DFYS had had previous reports of abuse in the foster home. A school nurse in 1998 reported emotional abuse and excessive discipline of one of the other children. In April of last year, Steven ran away from the home and was found to have belt marks on his buttocks. He said Falgoust "had strapped him to punish him," the charging document said. He initially was taken away. But then he said he had hurt himself and after 10 days was put back into the home. The investigation into his death found he couldn't have caused the belt marks.

In July, Falgoust was sentenced to probation and ordered into a batterers' program for the domestic violence incident with her husband. Her attorney at the time, Stuart Ross, told the judge she was in an emotional crisis, reacting to her own childhood sexual and physical abuse.

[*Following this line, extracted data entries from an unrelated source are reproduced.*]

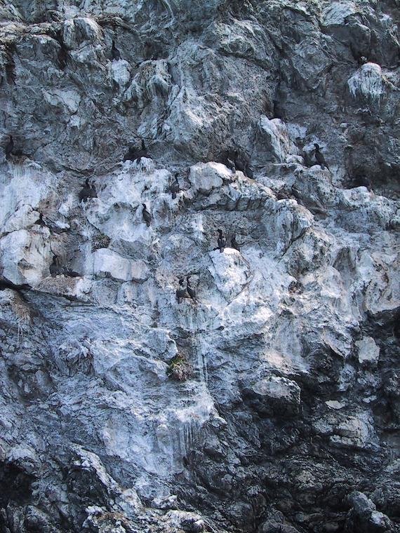 A colony of nesting birds. It really stunk around there! The white on the rocks is all bird droppings.
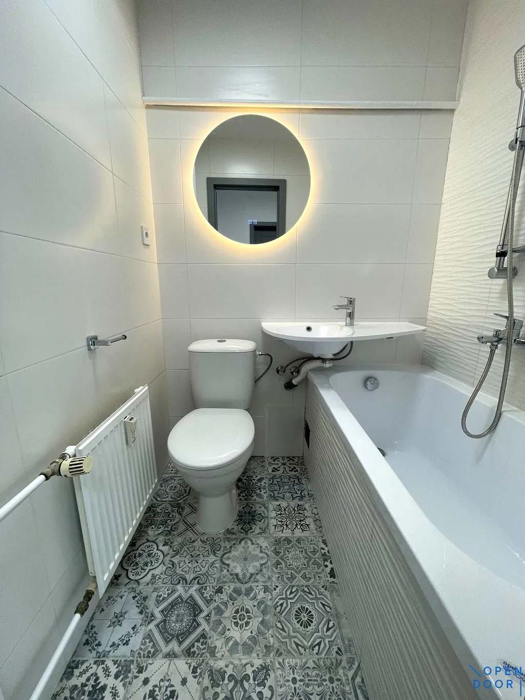 Byt prošel kompletní rekonstrukcí (podlahy, plastová okna, interiérové dveře vč. obložek, nové rozvody elektřiny, vody a odpadů) a je připraven k okamžitému nastěhování. Kuchyňská linka ve tvaru "L" je provedena v moderní šedé barvě a je vybavena vestavěnou troubou, plynovou varnou deskou, komínovou digestoří a pračkou. Koupelna je spojena s toaletou a najdete v ní vanu, umyvadlo s praktickou odkládací plochou a elegantní LED podsvícené zrcadlo se senzorem proti mlžení. I koupelna je nově a vkusně zrekonstruována.
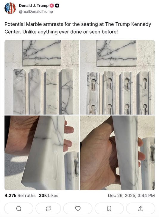 The project is currently a legal lightning rod. In October 2025, the historic East Wing was demolished to make way for the 90,000-square-foot ballroom—an addition that will be nearly twice the size of the original White House. While a federal judge has so far allowed construction to continue, citing “national security concerns” because of the presidential bunker located beneath the site, Trump is facing a barrage of lawsuits. From his plan to paint the granite Eisenhower Executive Office Building white to his proposal for marble armrests at the newly renamed “Trump-Kennedy Center,” the President is systematically attempting to replace D.C.’s “slate gray” aesthetic with the gold and marble opulence of a modern-day Versailles.
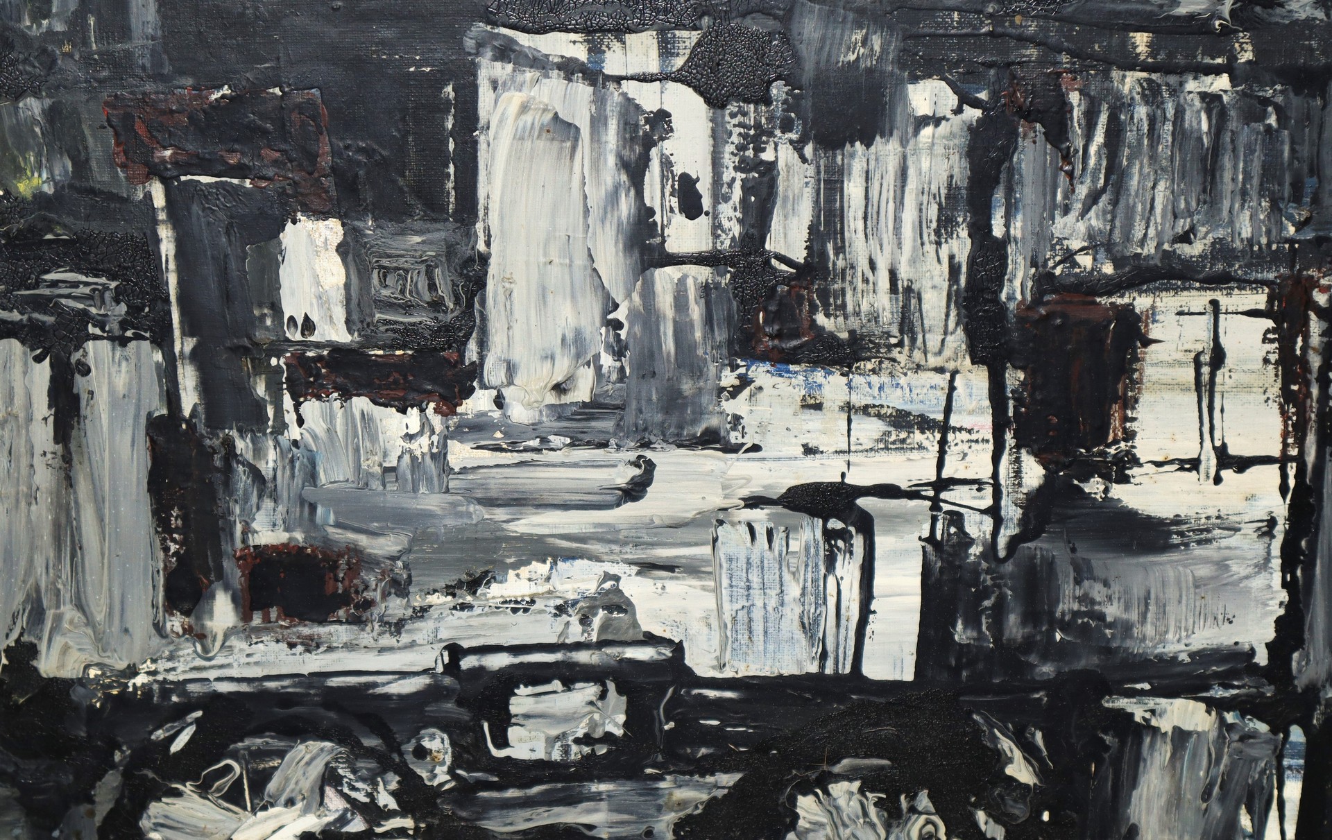 Domenico Girbino (Bronte 1935-Catania 2013) - Composizione astratta H cm 40x60 - in cornice H cm 52x72 Tecnica mista su tela Firmata Mimmo Gibino (tracce di firma in basso a destra).
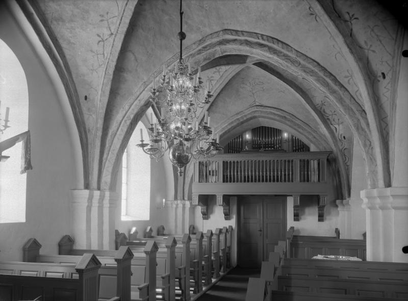 • Hofterup. Hofterups kyrka. Interiör. Vy mot orgelläktaren.
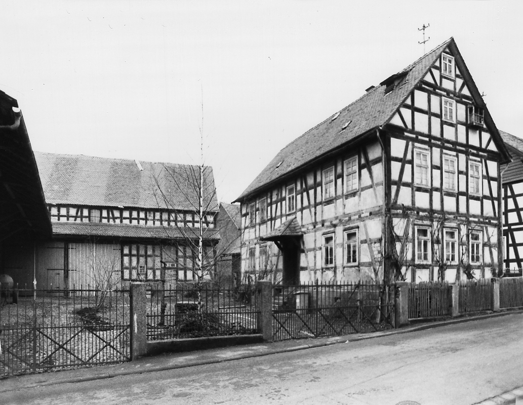 Nahezu unverändert erhaltener Dreiseithof aus der Zeit um 1890. Das auf einem Werksteinsockel aufbauende Wohnhaus ist giebelständig angeordnet, das Fachwerk ist wie beim Nachbarbau Lange Gasse 8 durch konvergierende Streben ausgesteift. Das Stallgebäude ist im Erdgeschoß vollständig in Sandstein ausgeführt. Im Inneren sind möglicherweise noch ursprüngliche Wandbemalungen vorhanden. Im Basaltpflaster des Hofs ist noch die eingelassene Miste erhalten. Der Hofabschluß in Form eines Staketenzaunes und zweier schmiedeeiserner Tore ist aus der Bauzeit überliefert.
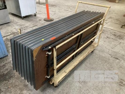 9 x TRESTLE TABLES, EACH 180 x 75cm, LAMINATE TOP & TROLLEY
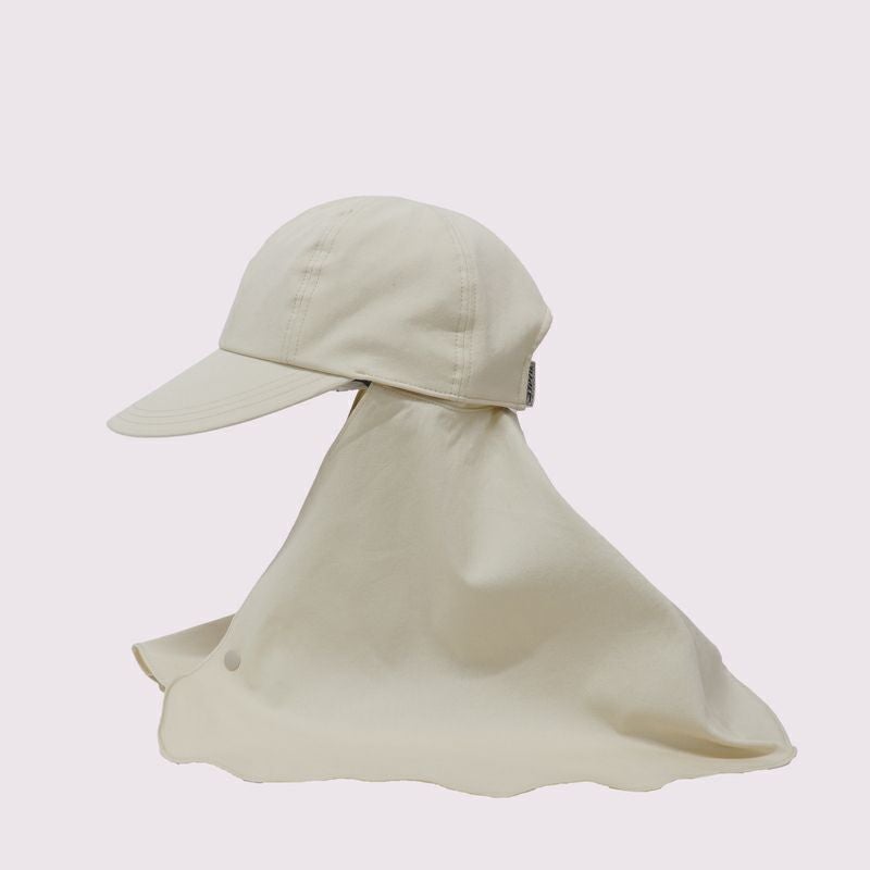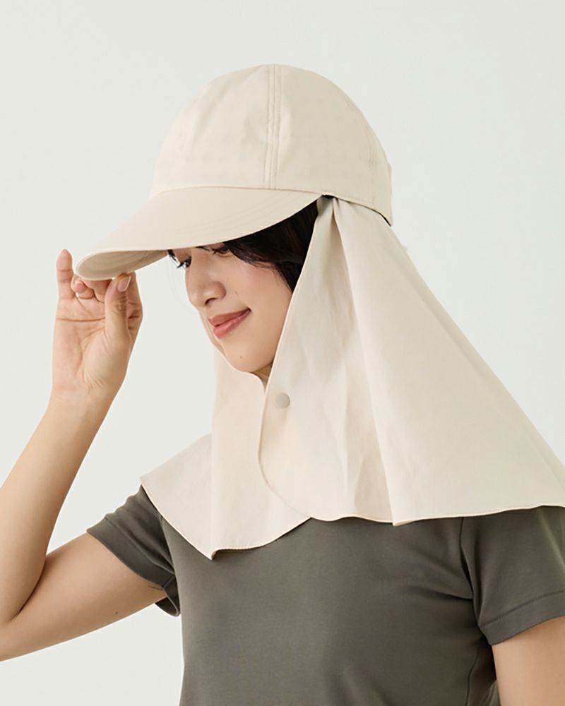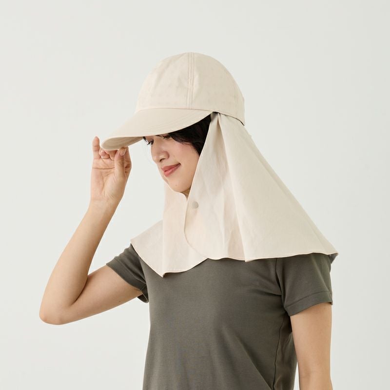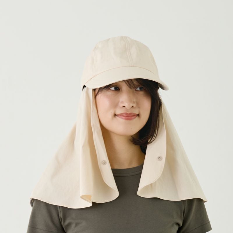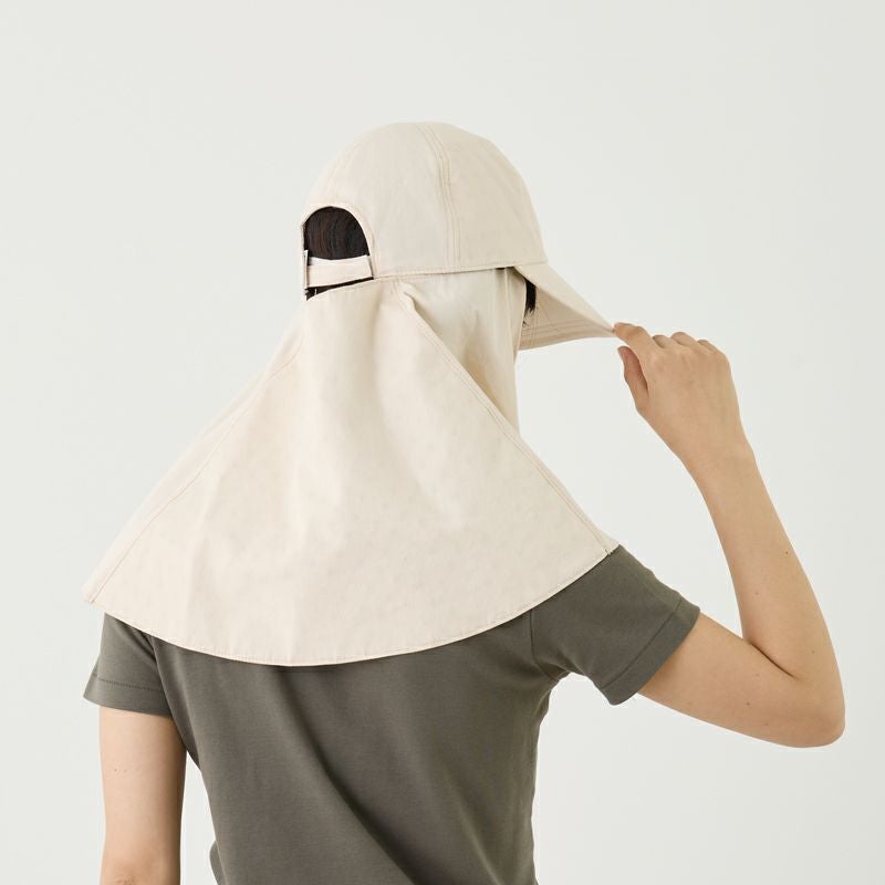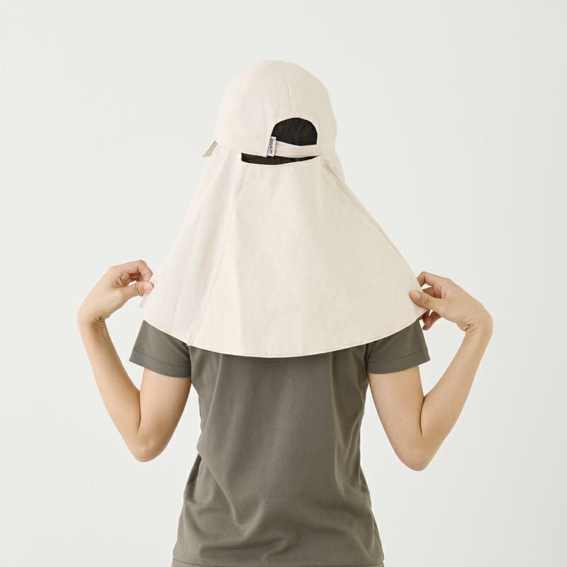 遮熱効果で直射日光から頭と肌を守る「コカゲル」のキャップ。取り外し可能なロングケープ付きで、首もとまでしっかりと守ってくれます。

"My concern is the possibility exists it will happen again unless you can confront your own psychological problems," District Court Judge Sigurd Murphy told her.

DFYS didn't know about the incident. As a result, it is now putting in place a system to get instant alerts whenever its foster parents get in trouble with police.

Steven's death marks the second time in two years that police have accused an Anchorage foster parent of killing a foster child. Two-year-old Janessa Aguirre was tortured to death in December 1997. Her foster mother is serving 75 years in prison.

Most foster homes are safe, DFYS officials said.

"We trust them with the lives of our children, and in this case, Melissa failed Steven, failed the foster care system and failed the foster children," said Ed Sheridan, a staff manager for the DFYS office in Anchorage.